**AVAILABLE DATA:**

::::

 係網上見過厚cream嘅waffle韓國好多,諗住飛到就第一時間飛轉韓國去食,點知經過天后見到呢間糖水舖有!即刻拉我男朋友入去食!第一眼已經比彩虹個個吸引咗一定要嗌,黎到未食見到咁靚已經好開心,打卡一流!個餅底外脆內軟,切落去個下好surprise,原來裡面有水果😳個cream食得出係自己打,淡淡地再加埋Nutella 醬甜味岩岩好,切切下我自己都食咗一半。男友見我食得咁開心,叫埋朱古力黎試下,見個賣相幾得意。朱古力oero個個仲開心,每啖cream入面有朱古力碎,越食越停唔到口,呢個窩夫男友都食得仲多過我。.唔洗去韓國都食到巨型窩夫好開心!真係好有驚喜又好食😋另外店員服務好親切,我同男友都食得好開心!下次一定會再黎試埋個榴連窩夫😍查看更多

::::

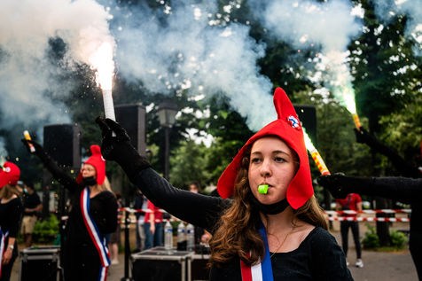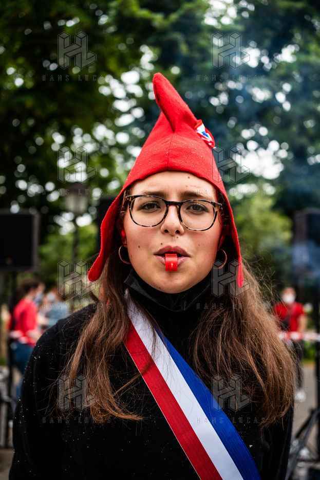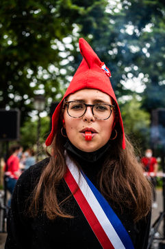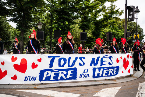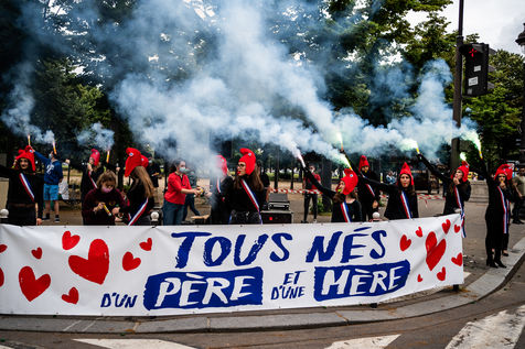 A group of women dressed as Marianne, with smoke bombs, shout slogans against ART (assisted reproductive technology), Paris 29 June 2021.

::::

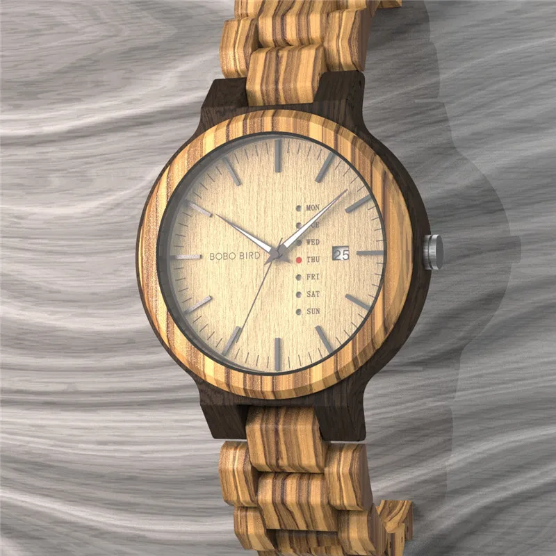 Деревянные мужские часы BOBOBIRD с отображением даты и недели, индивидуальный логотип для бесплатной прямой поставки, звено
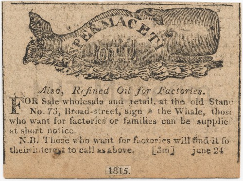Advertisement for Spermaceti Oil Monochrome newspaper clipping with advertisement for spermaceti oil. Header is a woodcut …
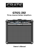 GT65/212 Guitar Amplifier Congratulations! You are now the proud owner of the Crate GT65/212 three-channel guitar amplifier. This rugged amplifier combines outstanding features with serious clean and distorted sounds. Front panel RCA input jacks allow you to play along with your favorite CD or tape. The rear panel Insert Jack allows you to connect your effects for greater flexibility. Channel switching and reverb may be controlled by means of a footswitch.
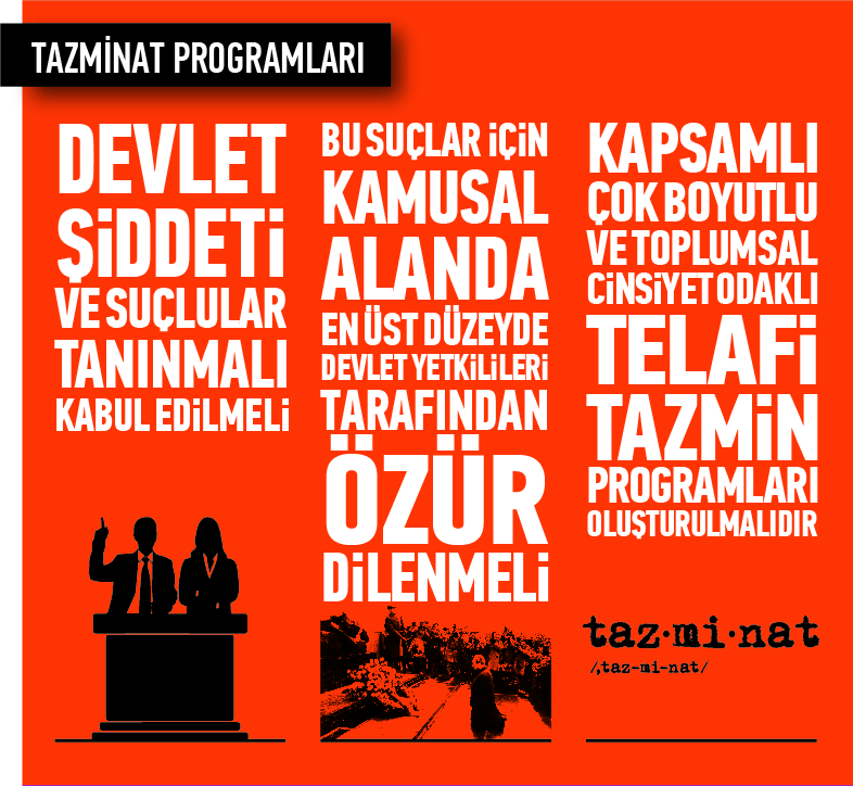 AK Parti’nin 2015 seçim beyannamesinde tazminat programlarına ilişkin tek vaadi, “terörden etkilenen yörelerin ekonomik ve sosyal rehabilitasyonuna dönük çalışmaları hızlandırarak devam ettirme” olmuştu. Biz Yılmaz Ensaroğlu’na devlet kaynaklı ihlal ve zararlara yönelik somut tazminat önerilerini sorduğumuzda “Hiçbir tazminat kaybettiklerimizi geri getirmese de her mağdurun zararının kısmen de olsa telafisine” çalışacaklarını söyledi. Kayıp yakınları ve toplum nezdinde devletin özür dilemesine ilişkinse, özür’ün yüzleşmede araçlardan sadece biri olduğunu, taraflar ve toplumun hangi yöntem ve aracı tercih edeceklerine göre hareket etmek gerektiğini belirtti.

::::

From the records above, write out exactly the lines that begin at the line with "GT65/212 Guitar Amplifier" and end at the line with "AK Parti’nin 2015". Pictures must not appear in the output.

 GT65/212 Guitar Amplifier Congratulations! You are now the proud owner of the Crate GT65/212 three-channel guitar amplifier. This rugged amplifier combines outstanding features with serious clean and distorted sounds. Front panel RCA input jacks allow you to play along with your favorite CD or tape. The rear panel Insert Jack allows you to connect your effects for greater flexibility. Channel switching and reverb may be controlled by means of a footswitch.
 AK Parti’nin 2015 seçim beyannamesinde tazminat programlarına ilişkin tek vaadi, “terörden etkilenen yörelerin ekonomik ve sosyal rehabilitasyonuna dönük çalışmaları hızlandırarak devam ettirme” olmuştu. Biz Yılmaz Ensaroğlu’na devlet kaynaklı ihlal ve zararlara yönelik somut tazminat önerilerini sorduğumuzda “Hiçbir tazminat kaybettiklerimizi geri getirmese de her mağdurun zararının kısmen de olsa telafisine” çalışacaklarını söyledi. Kayıp yakınları ve toplum nezdinde devletin özür dilemesine ilişkinse, özür’ün yüzleşmede araçlardan sadece biri olduğunu, taraflar ve toplumun hangi yöntem ve aracı tercih edeceklerine göre hareket etmek gerektiğini belirtti.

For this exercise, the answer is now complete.